Among the records that follow, set down only the lines from the one containing "военную тематику карандашом]()" to the one containing "COLORFUL AMERICAN FLAG", both included, exactly.

### RECORDS FOR THIS TASK:
= = = = = = =
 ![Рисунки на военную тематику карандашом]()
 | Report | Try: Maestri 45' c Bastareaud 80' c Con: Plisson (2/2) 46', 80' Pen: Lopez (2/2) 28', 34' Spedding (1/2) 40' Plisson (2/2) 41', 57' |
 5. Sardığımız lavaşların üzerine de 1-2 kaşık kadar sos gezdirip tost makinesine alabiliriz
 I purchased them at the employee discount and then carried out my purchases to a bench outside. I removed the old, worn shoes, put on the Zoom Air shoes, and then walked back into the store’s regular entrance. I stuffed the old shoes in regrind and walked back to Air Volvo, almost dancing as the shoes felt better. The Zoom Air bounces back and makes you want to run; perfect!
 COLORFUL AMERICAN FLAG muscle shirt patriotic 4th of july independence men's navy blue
= = = = = = =
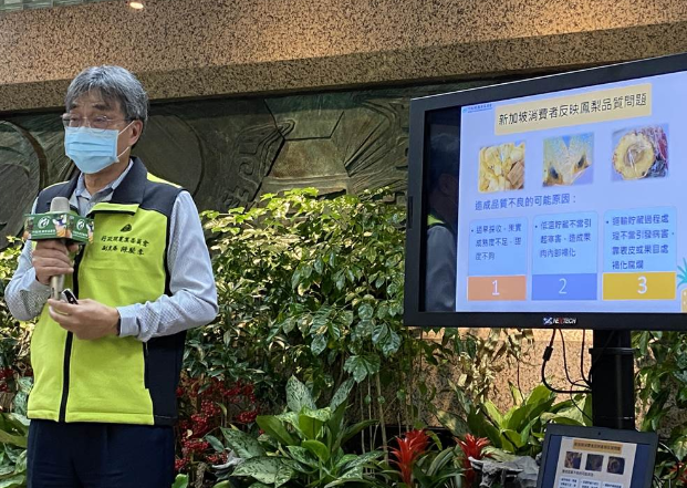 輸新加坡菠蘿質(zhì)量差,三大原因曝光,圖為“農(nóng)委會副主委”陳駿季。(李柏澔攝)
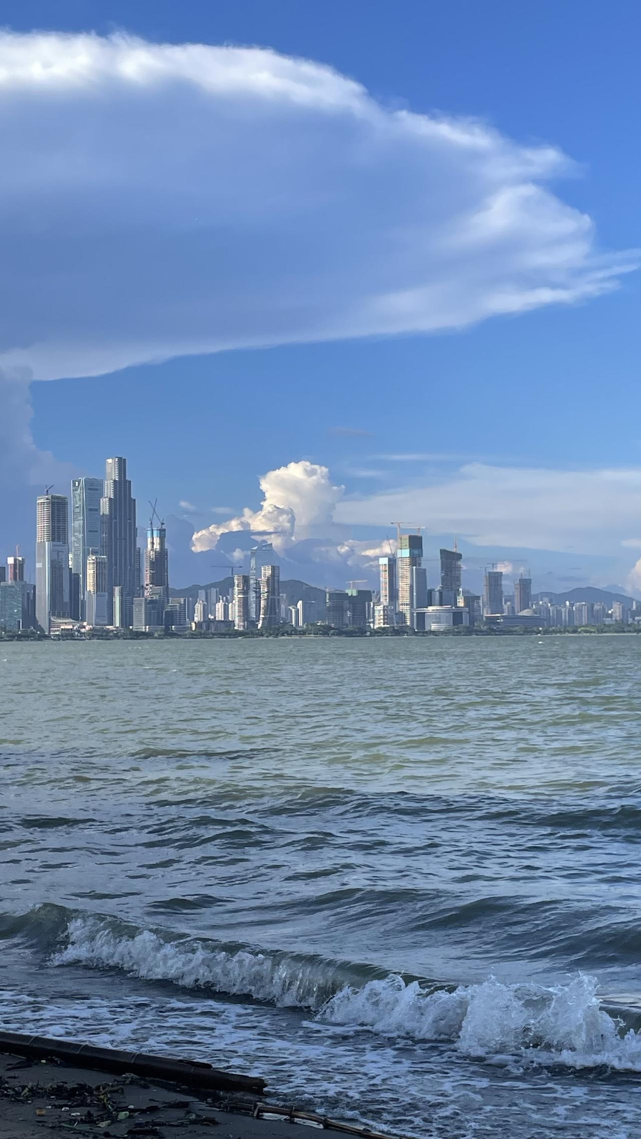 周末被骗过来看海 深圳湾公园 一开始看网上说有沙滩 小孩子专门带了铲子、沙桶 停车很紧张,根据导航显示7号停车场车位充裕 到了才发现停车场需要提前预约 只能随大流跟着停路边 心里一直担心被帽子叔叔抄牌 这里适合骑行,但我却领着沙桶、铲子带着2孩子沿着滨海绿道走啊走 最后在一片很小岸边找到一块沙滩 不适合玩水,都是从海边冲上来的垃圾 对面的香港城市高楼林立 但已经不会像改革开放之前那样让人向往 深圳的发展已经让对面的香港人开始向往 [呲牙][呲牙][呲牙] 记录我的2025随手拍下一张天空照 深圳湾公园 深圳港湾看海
= = = = = = =
### ANSWER BOX:
 ![Рисунки на военную тематику карандашом]()
 | Report | Try: Maestri 45' c Bastareaud 80' c Con: Plisson (2/2) 46', 80' Pen: Lopez (2/2) 28', 34' Spedding (1/2) 40' Plisson (2/2) 41', 57' |
 5. Sardığımız lavaşların üzerine de 1-2 kaşık kadar sos gezdirip tost makinesine alabiliriz
 I purchased them at the employee discount and then carried out my purchases to a bench outside. I removed the old, worn shoes, put on the Zoom Air shoes, and then walked back into the store’s regular entrance. I stuffed the old shoes in regrind and walked back to Air Volvo, almost dancing as the shoes felt better. The Zoom Air bounces back and makes you want to run; perfect!
 COLORFUL AMERICAN FLAG muscle shirt patriotic 4th of july independence men's navy blue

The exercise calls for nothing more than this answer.